My helpful dc inner voice which is seldom talkative, told me tonight under the shower (?!) "Laisse- les faire leur propre malheur, ne te salis pas les mains".
As it was the same one who told me in 1982 as I was on Orsay's campus Go and find their particle accelerator and then, take this paper (an add for the BEC and Oxford) and then find the money and take a registration, and that I met there my first love ; who told me "Ah tiens, c'est lui" quand je l'ai vu la première fois ; the same who told me "C'est mal foutu" after having thought that G and E that I met thinking they lived together and then understood they lived each with somebody else and some 8 or 10 years later they are a couple. The same who told me to SMS one of our common friend when A was in a very bad and dangerous shape and then they fall in love.
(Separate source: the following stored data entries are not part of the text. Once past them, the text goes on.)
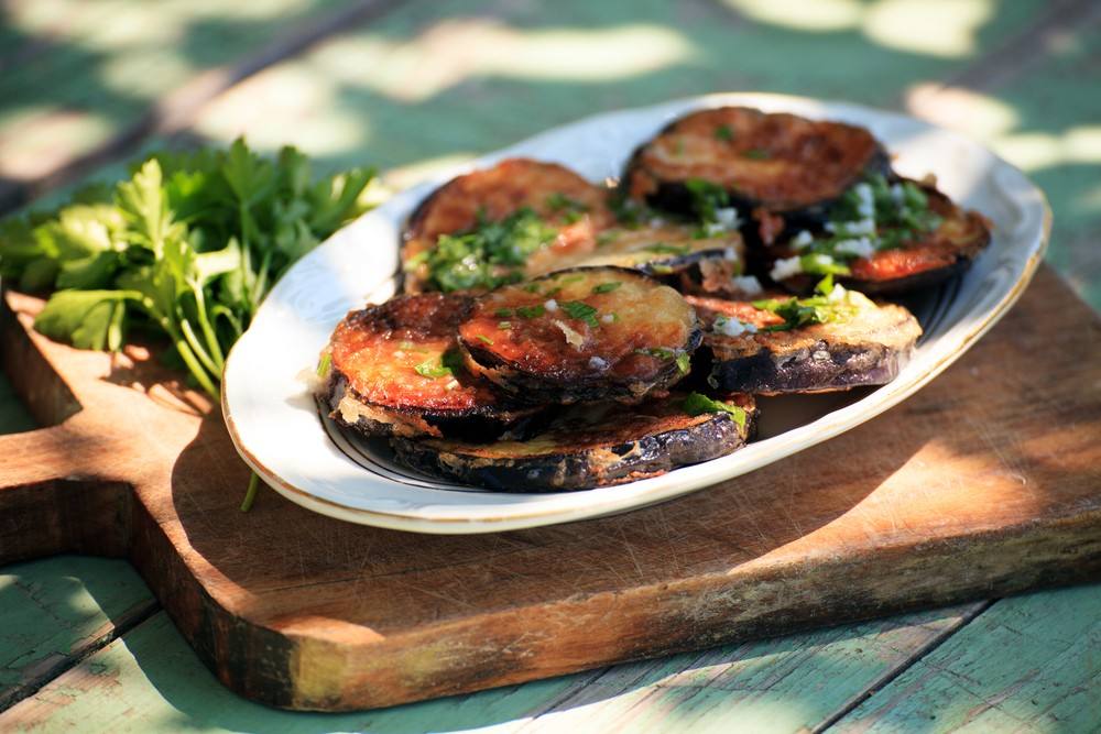 - تقلى شرائح الباذنجان في الزيت، ويقلب على الجانبين حتى يحمر.
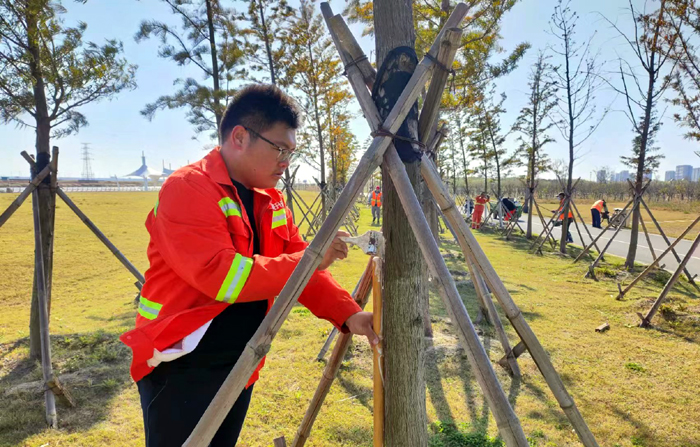 綠化衛士為樹木披上“防寒衣”
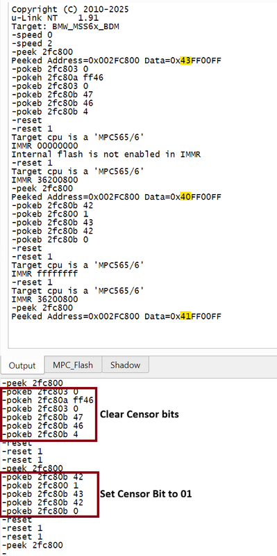 If you wish to place the ECU in censored mode, that can also be done using similar commands as above. However you must ensure that the IWS bit in the shadow block is set to 1 if you wish to retain the ability to clear the censor. If it is set to 0, it is not possible to clear the censor bits. From my testing with the MSS65 in this state, the ECU itself also appears to be rendered incapable of running its internal flash/erase routines -- effectively rendering it a brick if you have an incomplete program. I am not certain if that would be the case on the MSS60, and I don't intend to find out
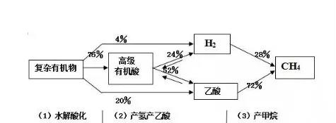 理論研究認(rèn)為三個(gè)階段,即厭氧消化過程分為水解發(fā)酵階段、產(chǎn)乙酸產(chǎn)氫階段、產(chǎn)甲烷階段三部分。
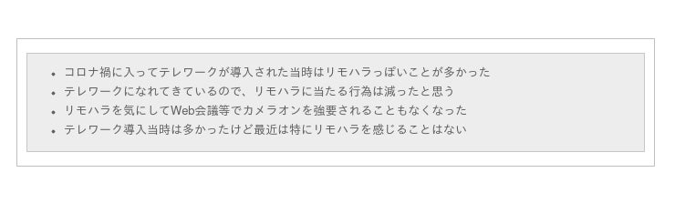 テレワーク開始後のリモハラの増減では、「テレワーク導入事は多かったけど今はほぼない」「テレワークに慣れたことでリモハラを感じることはなくなった」など、リモート環境でのハラスメントについて導入時は多かったものの減少傾向にあり、今ではほぼリモハラがなくなりつつあることがわかります。
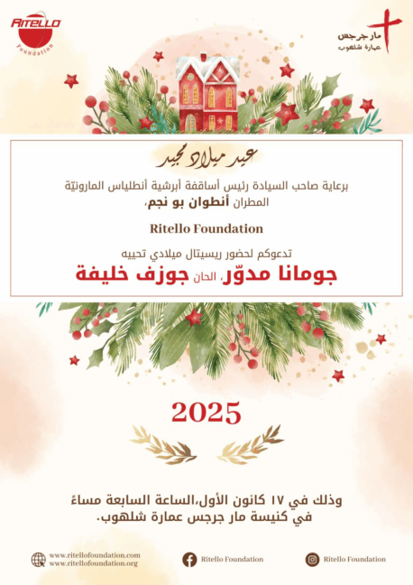 تنظم Ritello Foundation ريسيتالاً ميلادياً، برعاية صاحب السيادة رئيس أساقفة أبرشية أنطلياس المارونية المطران أنطوان بو نجم، تحييه المرنّمة جوانا مدوّر على ألحان جوزف خليفة، وذلك مساء 17 كانون الأول 2025 عند الساعة السابعة في كنيسة مار جرجس – عمارة شلهوب، حيث الدعوة مفتوحة أمام جميع الراغبين بالمشاركة في هذا اللقاء الميلادي الروحي.
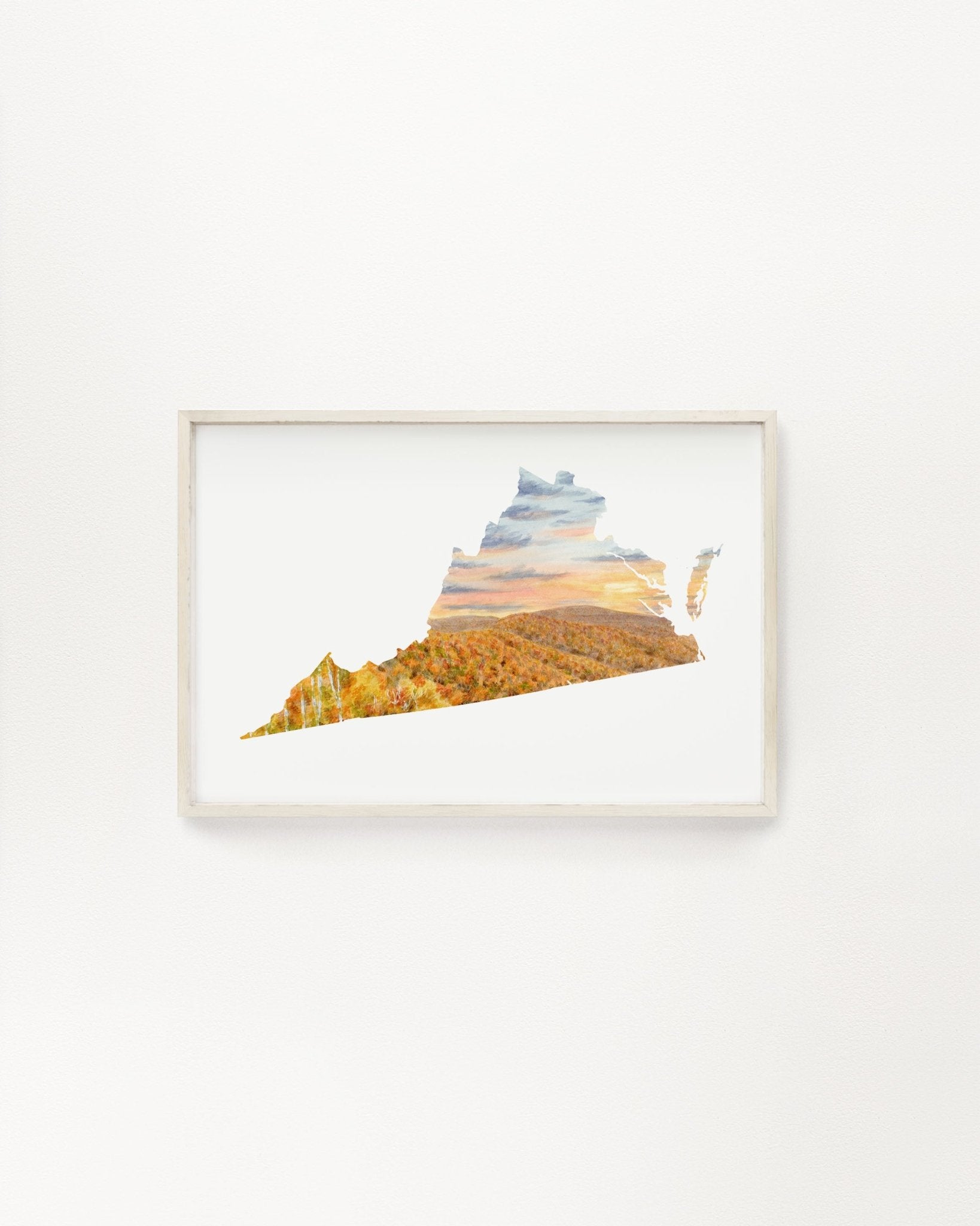 Virginia Watercolor Print, Virginia State Art, Virginia Painting,Virginia Map, Virginia Gift
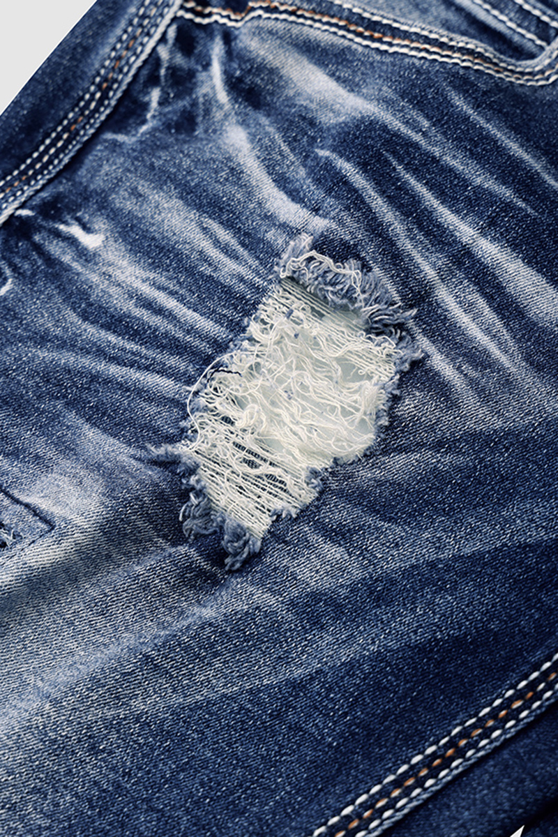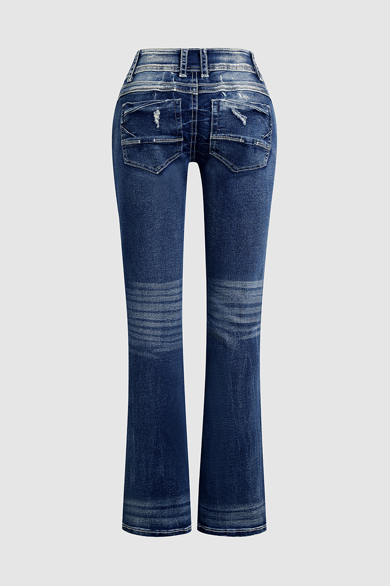 Ripped Contrast Stitch Mid Rise Bootcut Jeans

The same who told me "Par dessus ça peut pas" when a car just turned back right in front of me biking avenue de Clichy and that I managed not to try to brake in vain but to zigzag and save my life ; the same who told me after our first sight with Francis "Too bad I'm not a chieuse hystérique (1), it won't be a shared love", same inner voice that sometimes tells me Beware, there's something's going on (alas with no regularity : bad things can happen to me without warning ; but the warning always occurs when something bad is bound to happen soon), I know I must listen.
But what happened with last summer's break-up keeps me deeply sad and I miss him bad and there is a deep injustice in him doing what he's done to me and going on happily as if everything was right and him a decent guy. Much too easy.